Follow-up Comment #5, bug #67837 (group groff):

At 2026-01-09T17:17:37-0500, Dave wrote:
> Update of bug #67837 (group groff):
> 
> Status:               Need Info => None
> Assigned to:                    barx => None
> 
> _______________________________________________________
> 
> Follow-up Comment #3:
> 
> I remain uncertain how the resolution of bug #67571 affects this bug.
> It's fine to document how software _ought_ to work even if there are
> known bugs in it.
> 
> And I believe we know now the intent of Colin Watson and Daiki Ueno's
> design: putting a character into a class does not change the
> character's own flags directly, but causes (or should cause, modulo
> #67571) the formatter to OR the class's flags with the individual
> character's.

But _at what time_?  When the `class` request is invoked, or later?

And if later, again, _at what time_?

That's how bug #67571 is involved--at least that's my suspicion, and why
I asked you to use this request to instrument your exhibit there.
That's the info I'm requesting of you.

> This is what .pchar now reports, but it is not mentioned in
> documentation.

A.  It's a debugging request.  We don't enumerate everything `pev`
    reports, either, and never have.  And that's not a defect.

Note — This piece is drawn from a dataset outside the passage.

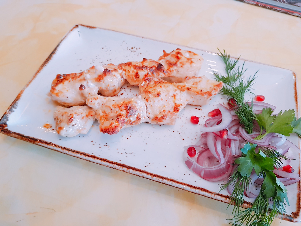 보르쉬를 떠먹고 있는데 이어 샤슐릭이 나왔다. 하얀 것이 닭고기였다. 종업원이 꼬치를 빼기 전에 사진을 찍을 수 있도록 배려해 주었다. 샤슐릭은 러시아의 전통 음식은 아니다. 본래 중앙아시아의 유목 민족들이 먹던 것이 새로운 정복자인 러시아 제국에 전파되어 지금까지 이어지고 있는 경우인 것이었다. 덩이가 큰 고기를 양념하고 숙성하여 긴 쇠꼬챙이에 꿰어 구운 것이라 쫄깃하면서도 부드러운 고기의 식감을 실컷 느낄 수 있었다. 고기 요리가 입맛에 안 맞을 리 없었고, 욕심을 내자면 얼마든지 더 먹을 수 있었으나 4개의 꼬치를 다 먹고 나자 충분히 배가 불렀다.

B.  These facts are mentioned as much they need to be, IMO; you inquire
    about a character, you get its info.  You inquire about a class, you
    get its info.


     .pchar c ...
             Report, to the standard error stream, information about
             each character (be it ordinary, special, or indexed) or
             character class c.  A character defined by a request (char,
             fchar, fschar, or schar) reports its contents as a JSON‐
             encoded string, but the output is not otherwise in JSON
             format.


Why do I need to call out character flags here?  They're a property, and
the request reports them.


$ echo '.pchar ,' | nroff
character ','
  is not translated
  does not have a macro
  special translation: 0
  hyphenation code: 0
  inherent flags: 0 (none)
  asciify code: 0
  ASCII code: 44
  Unicode mapping: U+002C
  is found
  is transparently translatable
  is not translatable as input
  mode: normal
$ echo '.pchar ,' | nroff -mja
character ','
  is not translated
  does not have a macro
  special translation: 0
  hyphenation code: 0
  inherent flags: 0 (none)
  effective flags: 128 (prohibits break before)
  asciify code: 0
  ASCII code: 44
  Unicode mapping: U+002C
  is found
  is transparently translatable
  is not translatable as input
  mode: normal


> So taking this ticket out of Need Info, at least until Branden
> clarifies what info he still seeks, if any.

I need to know what it is you expect me to say about the "flag
interaction of character class and individual character".

What do _you_ think their relationship is?  Please make a statement.

If I can understand it, and I can verify it as accurate by poking the
formatter appropriately (to the best of my limited skill), I'm happy to
add your claim to the manual.

Don't sweat the wordsmithing; I'll take care of that.